DIRECTIONS: Two lines in the data below mark the range: the one with "Create incredible effects" and the one with "今回 鰻重シングル(2530円) 永源寺赤こんにゃく刺身(550円) オーダー". Return both, along with every line between them, exactly.

DATA:
::::::
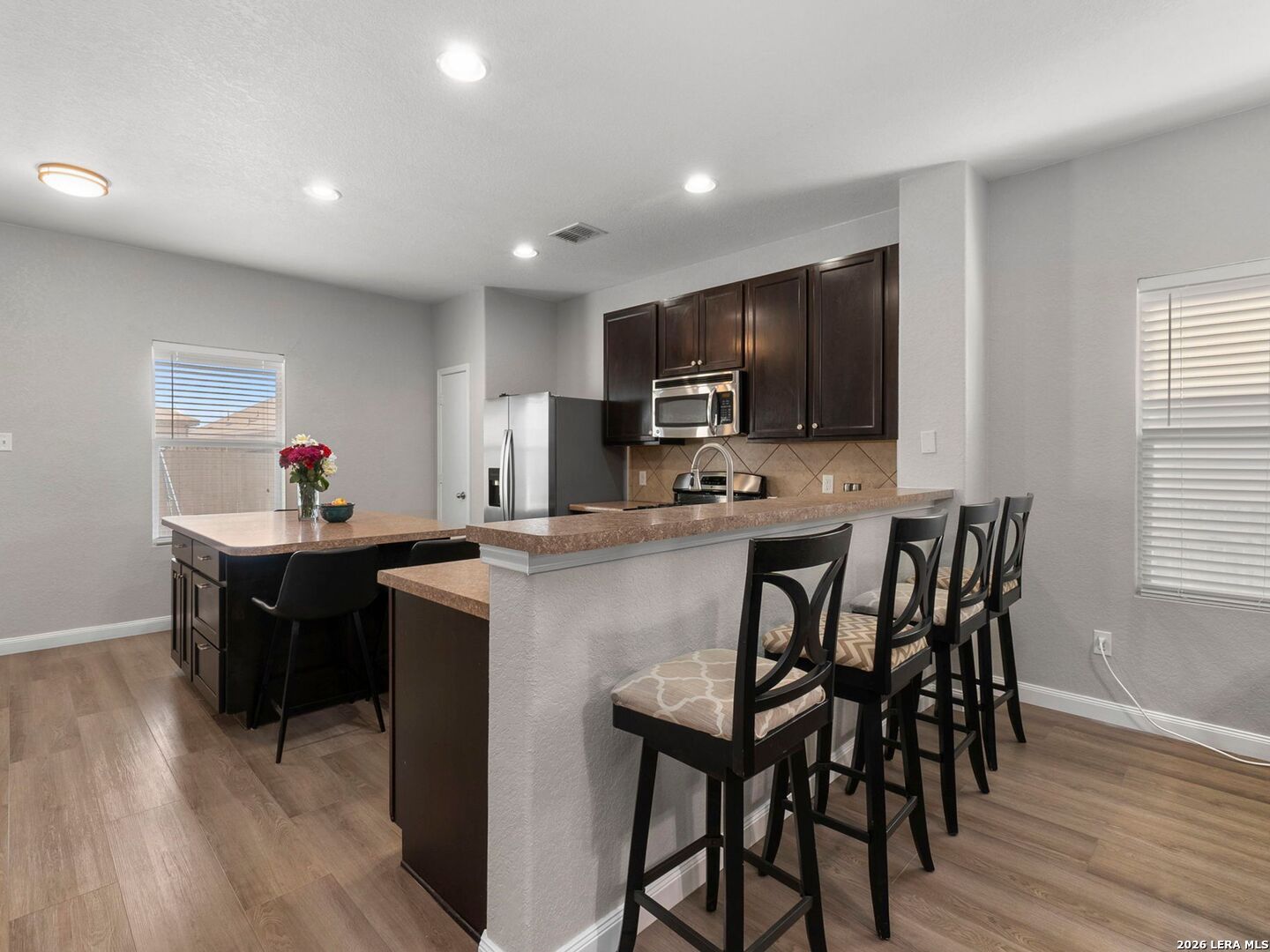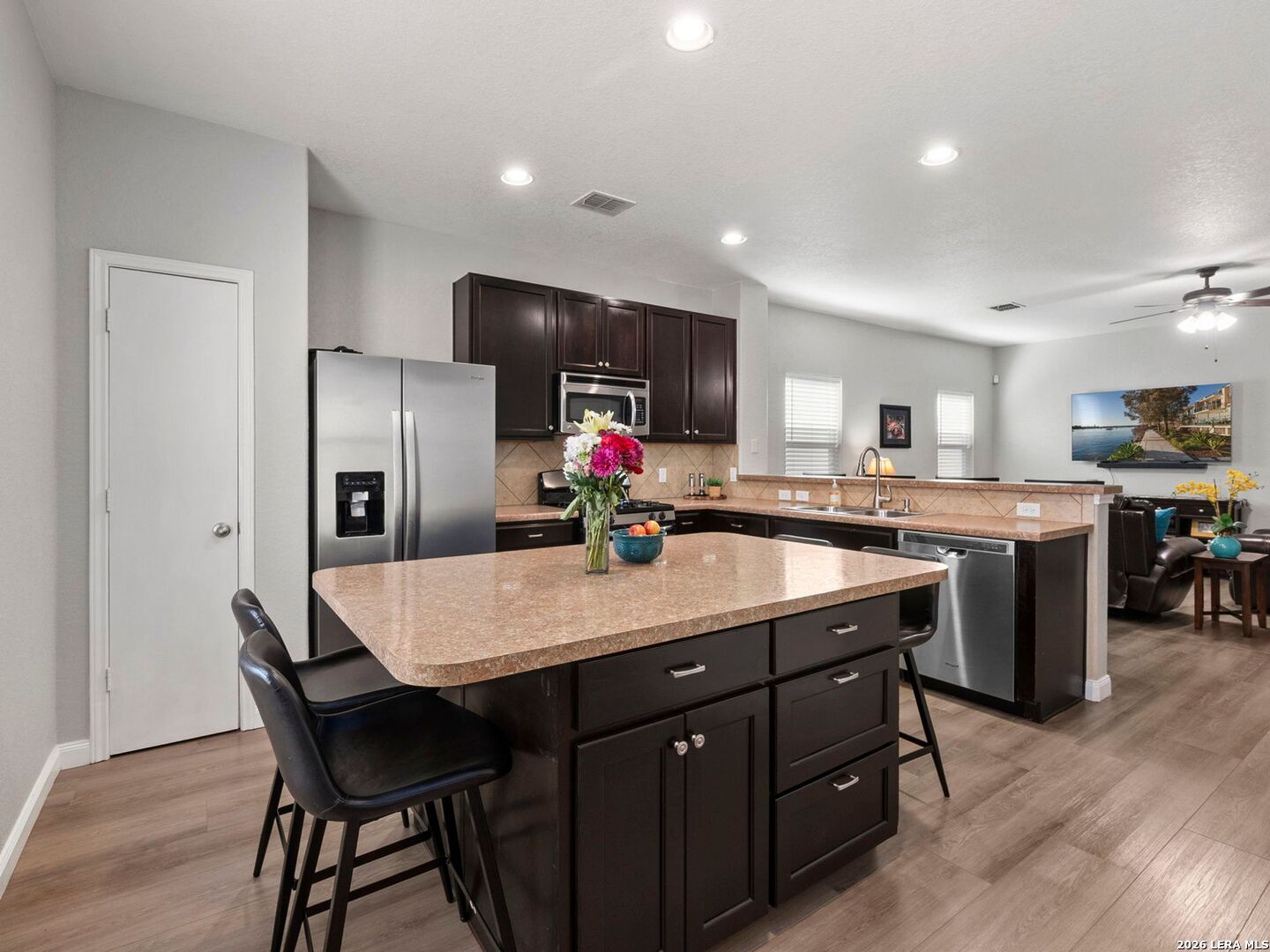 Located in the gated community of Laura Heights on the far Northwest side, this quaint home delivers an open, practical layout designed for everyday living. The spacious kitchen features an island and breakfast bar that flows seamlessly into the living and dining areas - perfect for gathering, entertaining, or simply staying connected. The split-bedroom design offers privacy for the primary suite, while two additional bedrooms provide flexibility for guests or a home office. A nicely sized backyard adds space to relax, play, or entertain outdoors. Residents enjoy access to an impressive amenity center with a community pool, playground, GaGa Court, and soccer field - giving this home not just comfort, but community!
::::::
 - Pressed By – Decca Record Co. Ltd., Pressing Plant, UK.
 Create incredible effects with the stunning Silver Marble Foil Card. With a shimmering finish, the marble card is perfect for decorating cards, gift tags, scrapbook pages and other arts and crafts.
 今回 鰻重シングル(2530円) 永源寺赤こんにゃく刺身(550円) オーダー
::::::
YOUR SOLUTION:
 Create incredible effects with the stunning Silver Marble Foil Card. With a shimmering finish, the marble card is perfect for decorating cards, gift tags, scrapbook pages and other arts and crafts.
 今回 鰻重シングル(2530円) 永源寺赤こんにゃく刺身(550円) オーダー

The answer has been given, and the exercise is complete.